Top of PROVIDED INFORMATION

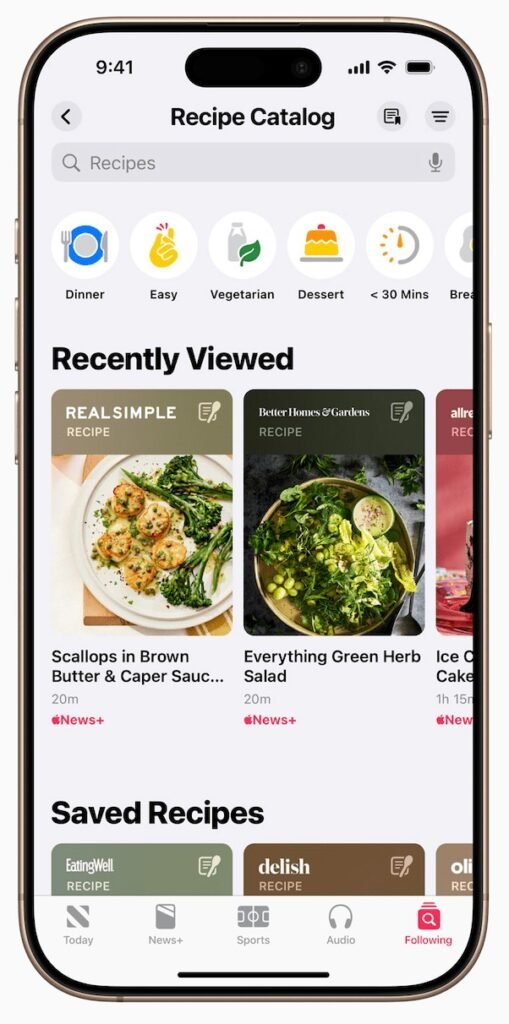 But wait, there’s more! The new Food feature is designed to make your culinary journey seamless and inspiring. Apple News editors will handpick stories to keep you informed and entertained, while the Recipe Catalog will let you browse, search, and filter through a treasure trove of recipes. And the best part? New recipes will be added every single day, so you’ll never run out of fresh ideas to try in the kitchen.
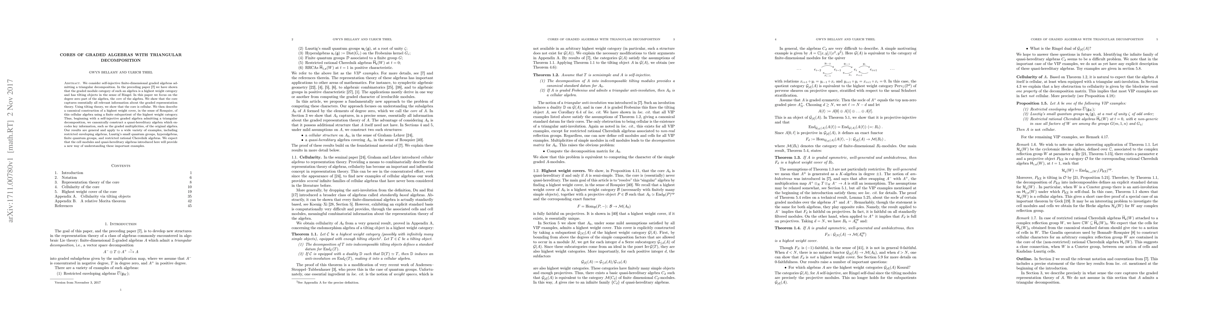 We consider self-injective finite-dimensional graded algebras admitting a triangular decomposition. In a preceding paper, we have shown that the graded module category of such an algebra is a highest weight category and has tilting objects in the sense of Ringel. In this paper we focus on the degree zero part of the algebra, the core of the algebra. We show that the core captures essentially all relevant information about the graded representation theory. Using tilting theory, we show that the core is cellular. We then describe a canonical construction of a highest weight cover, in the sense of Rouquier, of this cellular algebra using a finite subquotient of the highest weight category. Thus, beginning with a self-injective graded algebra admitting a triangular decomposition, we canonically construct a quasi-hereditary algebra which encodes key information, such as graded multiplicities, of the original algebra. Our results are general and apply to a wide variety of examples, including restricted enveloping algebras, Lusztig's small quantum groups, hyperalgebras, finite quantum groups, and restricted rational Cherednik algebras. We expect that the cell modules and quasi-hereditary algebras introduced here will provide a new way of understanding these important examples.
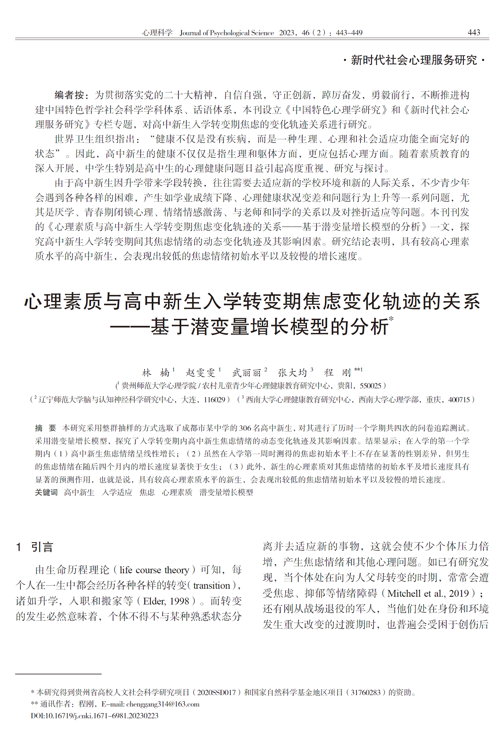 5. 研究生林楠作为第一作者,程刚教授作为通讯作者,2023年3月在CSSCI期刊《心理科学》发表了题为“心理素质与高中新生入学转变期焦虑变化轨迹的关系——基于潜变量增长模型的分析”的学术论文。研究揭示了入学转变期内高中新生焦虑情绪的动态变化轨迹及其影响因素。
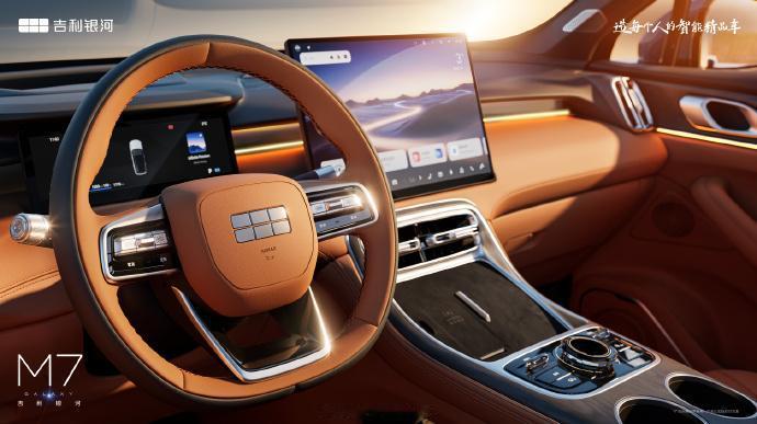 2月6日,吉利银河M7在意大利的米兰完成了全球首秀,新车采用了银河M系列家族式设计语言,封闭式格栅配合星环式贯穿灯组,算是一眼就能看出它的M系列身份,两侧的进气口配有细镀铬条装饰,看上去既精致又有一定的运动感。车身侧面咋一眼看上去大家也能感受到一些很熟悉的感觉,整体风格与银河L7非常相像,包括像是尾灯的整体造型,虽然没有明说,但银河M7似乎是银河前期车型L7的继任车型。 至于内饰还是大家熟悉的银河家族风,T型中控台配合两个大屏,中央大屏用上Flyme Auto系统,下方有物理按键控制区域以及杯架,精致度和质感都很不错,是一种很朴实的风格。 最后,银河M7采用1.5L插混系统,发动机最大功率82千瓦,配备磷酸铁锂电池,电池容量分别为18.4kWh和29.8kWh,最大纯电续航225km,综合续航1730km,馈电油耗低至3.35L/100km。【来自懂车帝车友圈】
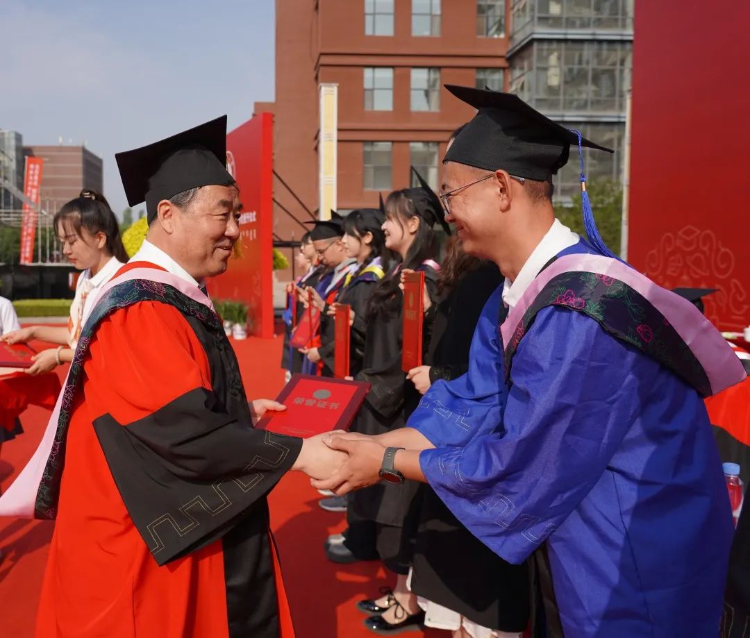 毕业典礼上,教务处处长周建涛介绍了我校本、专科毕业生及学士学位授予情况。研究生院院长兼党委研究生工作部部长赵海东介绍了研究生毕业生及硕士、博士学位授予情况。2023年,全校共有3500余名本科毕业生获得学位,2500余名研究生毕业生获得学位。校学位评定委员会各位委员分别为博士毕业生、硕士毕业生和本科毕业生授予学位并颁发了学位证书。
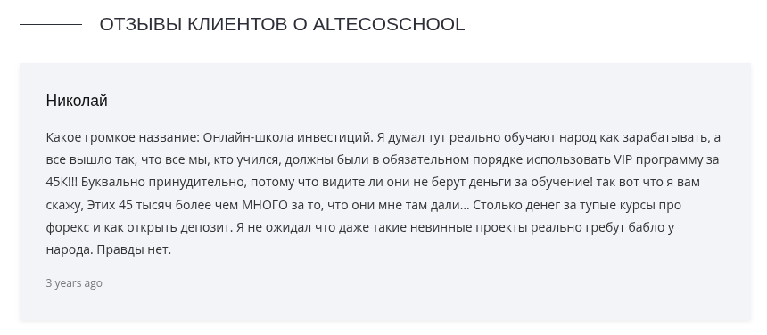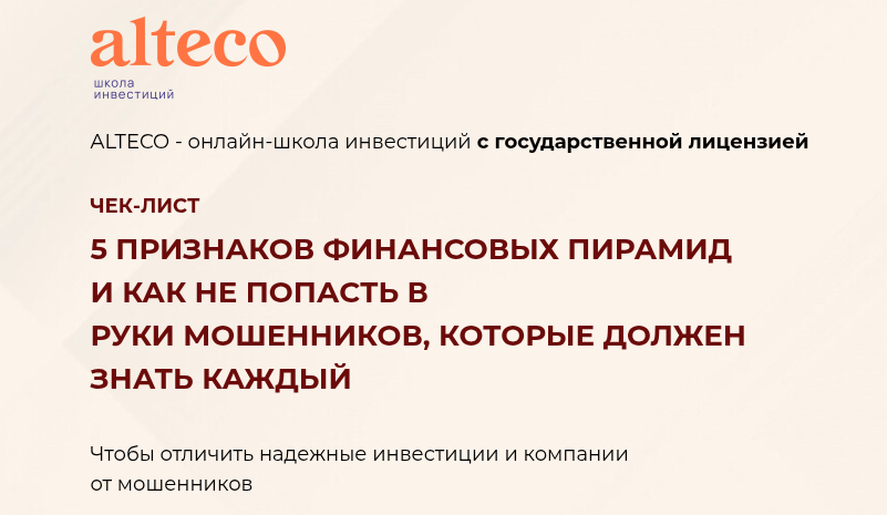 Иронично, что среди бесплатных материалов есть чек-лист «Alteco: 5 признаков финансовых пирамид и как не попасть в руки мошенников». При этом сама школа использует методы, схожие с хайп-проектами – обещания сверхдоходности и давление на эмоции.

Bottom of PROVIDED INFORMATION
Top of PROVIDED INFORMATION

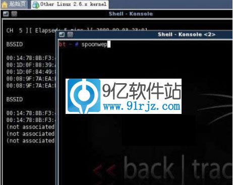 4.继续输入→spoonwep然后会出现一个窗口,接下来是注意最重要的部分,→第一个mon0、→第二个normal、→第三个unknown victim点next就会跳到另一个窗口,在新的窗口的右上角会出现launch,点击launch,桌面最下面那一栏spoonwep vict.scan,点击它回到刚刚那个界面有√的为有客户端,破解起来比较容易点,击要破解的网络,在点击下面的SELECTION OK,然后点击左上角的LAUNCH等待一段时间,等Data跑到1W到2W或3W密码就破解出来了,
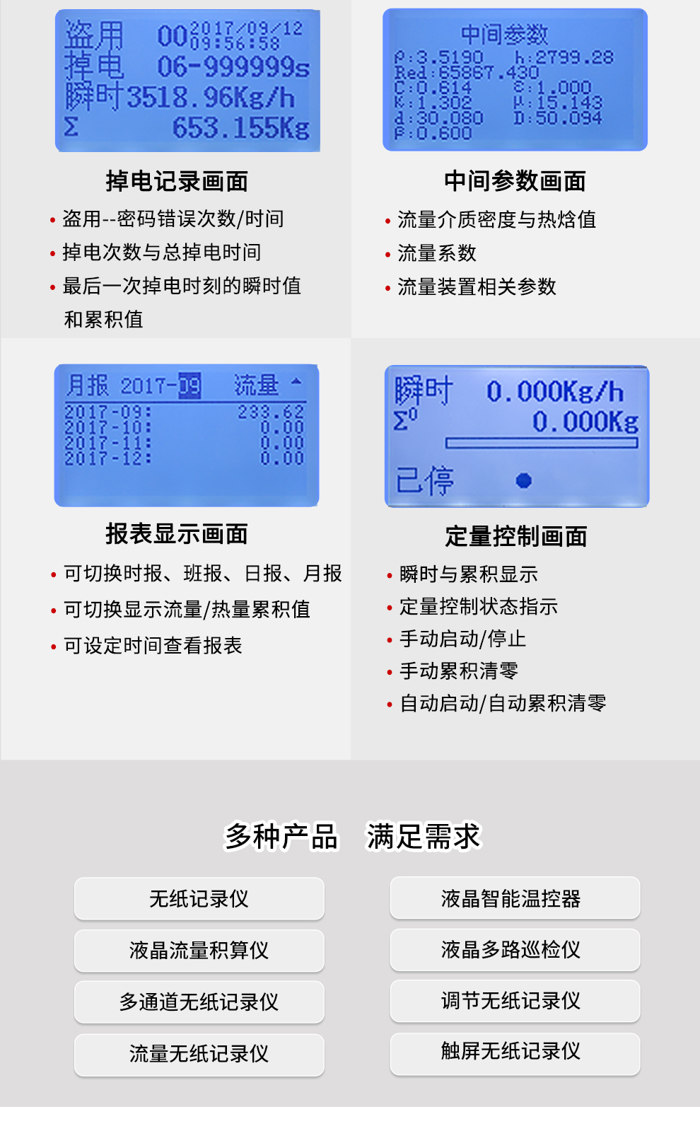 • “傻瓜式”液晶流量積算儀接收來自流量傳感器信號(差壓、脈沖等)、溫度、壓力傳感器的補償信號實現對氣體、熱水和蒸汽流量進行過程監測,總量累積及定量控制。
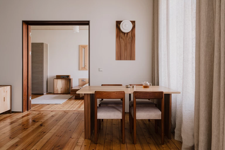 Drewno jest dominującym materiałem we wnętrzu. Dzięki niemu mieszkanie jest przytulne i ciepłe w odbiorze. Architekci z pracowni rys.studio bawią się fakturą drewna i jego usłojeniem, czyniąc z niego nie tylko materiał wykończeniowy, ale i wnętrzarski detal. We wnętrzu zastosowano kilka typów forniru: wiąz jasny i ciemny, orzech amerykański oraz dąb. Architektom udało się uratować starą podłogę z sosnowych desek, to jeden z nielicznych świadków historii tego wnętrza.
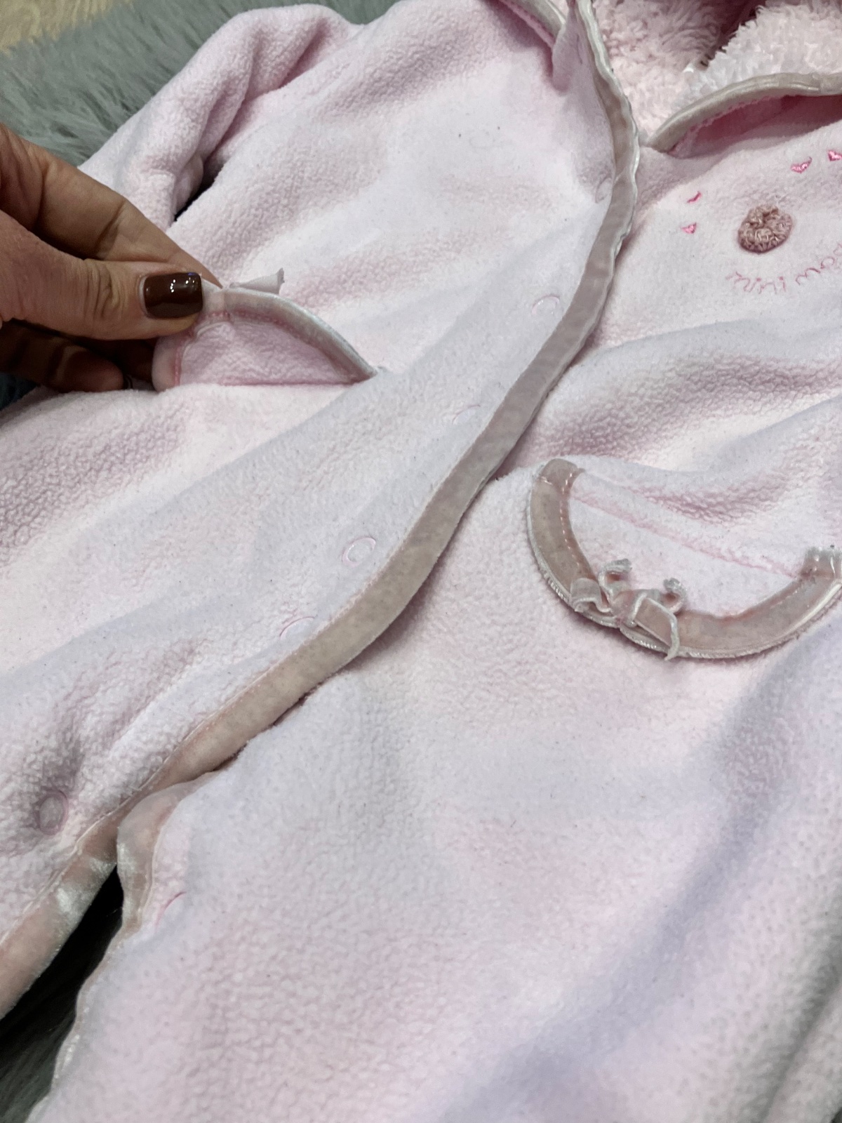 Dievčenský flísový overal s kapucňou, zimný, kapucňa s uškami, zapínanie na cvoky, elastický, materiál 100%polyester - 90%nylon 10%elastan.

Bottom of PROVIDED INFORMATION

* **TASK PROMPT**
Would you give again, exactly, the lines in the data above that run from the line containing "We consider self-injective" to the line containing "5. 研究生林楠作为第一作者"? Include both ends and no pictures.

* **ANSWER SECTION**
 We consider self-injective finite-dimensional graded algebras admitting a triangular decomposition. In a preceding paper, we have shown that the graded module category of such an algebra is a highest weight category and has tilting objects in the sense of Ringel. In this paper we focus on the degree zero part of the algebra, the core of the algebra. We show that the core captures essentially all relevant information about the graded representation theory. Using tilting theory, we show that the core is cellular. We then describe a canonical construction of a highest weight cover, in the sense of Rouquier, of this cellular algebra using a finite subquotient of the highest weight category. Thus, beginning with a self-injective graded algebra admitting a triangular decomposition, we canonically construct a quasi-hereditary algebra which encodes key information, such as graded multiplicities, of the original algebra. Our results are general and apply to a wide variety of examples, including restricted enveloping algebras, Lusztig's small quantum groups, hyperalgebras, finite quantum groups, and restricted rational Cherednik algebras. We expect that the cell modules and quasi-hereditary algebras introduced here will provide a new way of understanding these important examples.
 5. 研究生林楠作为第一作者,程刚教授作为通讯作者,2023年3月在CSSCI期刊《心理科学》发表了题为“心理素质与高中新生入学转变期焦虑变化轨迹的关系——基于潜变量增长模型的分析”的学术论文。研究揭示了入学转变期内高中新生焦虑情绪的动态变化轨迹及其影响因素。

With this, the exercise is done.